» DIRECTIONS: All lines in the listing below that hold the string "Monachium" are to be tallied, with only the total reported.

» SOURCE DATA:
______________________________
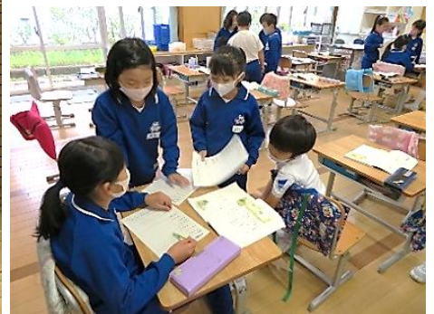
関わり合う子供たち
______________________________
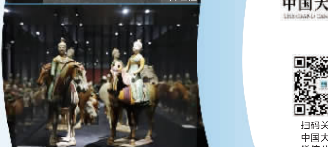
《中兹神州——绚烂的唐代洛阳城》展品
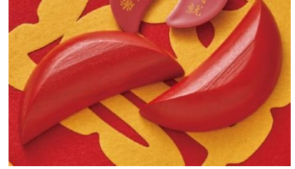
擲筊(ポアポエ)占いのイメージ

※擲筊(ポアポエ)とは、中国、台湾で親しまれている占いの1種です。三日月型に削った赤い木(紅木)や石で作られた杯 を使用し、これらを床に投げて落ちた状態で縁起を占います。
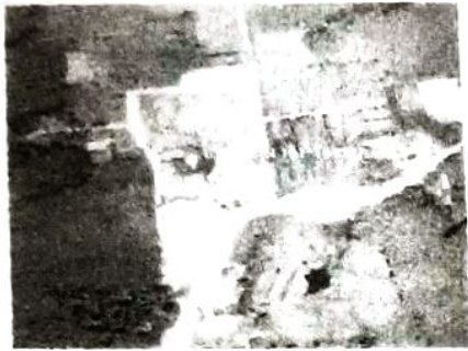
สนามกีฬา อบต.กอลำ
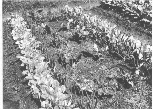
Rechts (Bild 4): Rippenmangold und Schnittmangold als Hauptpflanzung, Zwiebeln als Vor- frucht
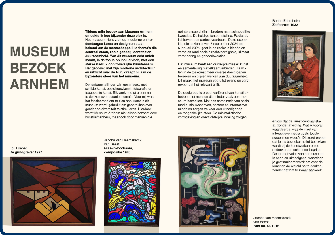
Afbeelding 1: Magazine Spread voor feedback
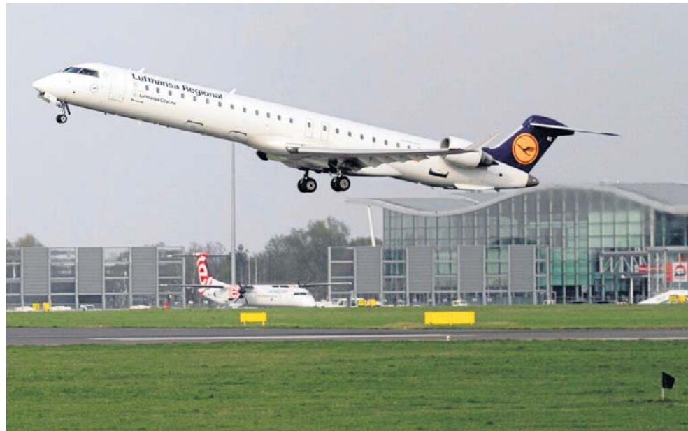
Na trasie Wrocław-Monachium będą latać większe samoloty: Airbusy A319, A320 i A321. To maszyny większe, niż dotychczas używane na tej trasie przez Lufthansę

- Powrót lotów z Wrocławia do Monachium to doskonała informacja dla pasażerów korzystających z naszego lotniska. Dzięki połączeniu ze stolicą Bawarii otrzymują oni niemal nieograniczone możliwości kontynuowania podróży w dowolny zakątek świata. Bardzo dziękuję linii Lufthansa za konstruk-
______________________________
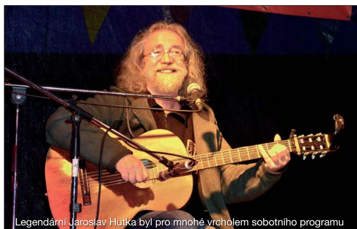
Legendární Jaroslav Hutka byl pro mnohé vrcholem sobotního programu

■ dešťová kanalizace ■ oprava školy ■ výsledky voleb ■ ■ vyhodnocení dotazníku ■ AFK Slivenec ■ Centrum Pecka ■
______________________________
» RESPONSE BELOW: 2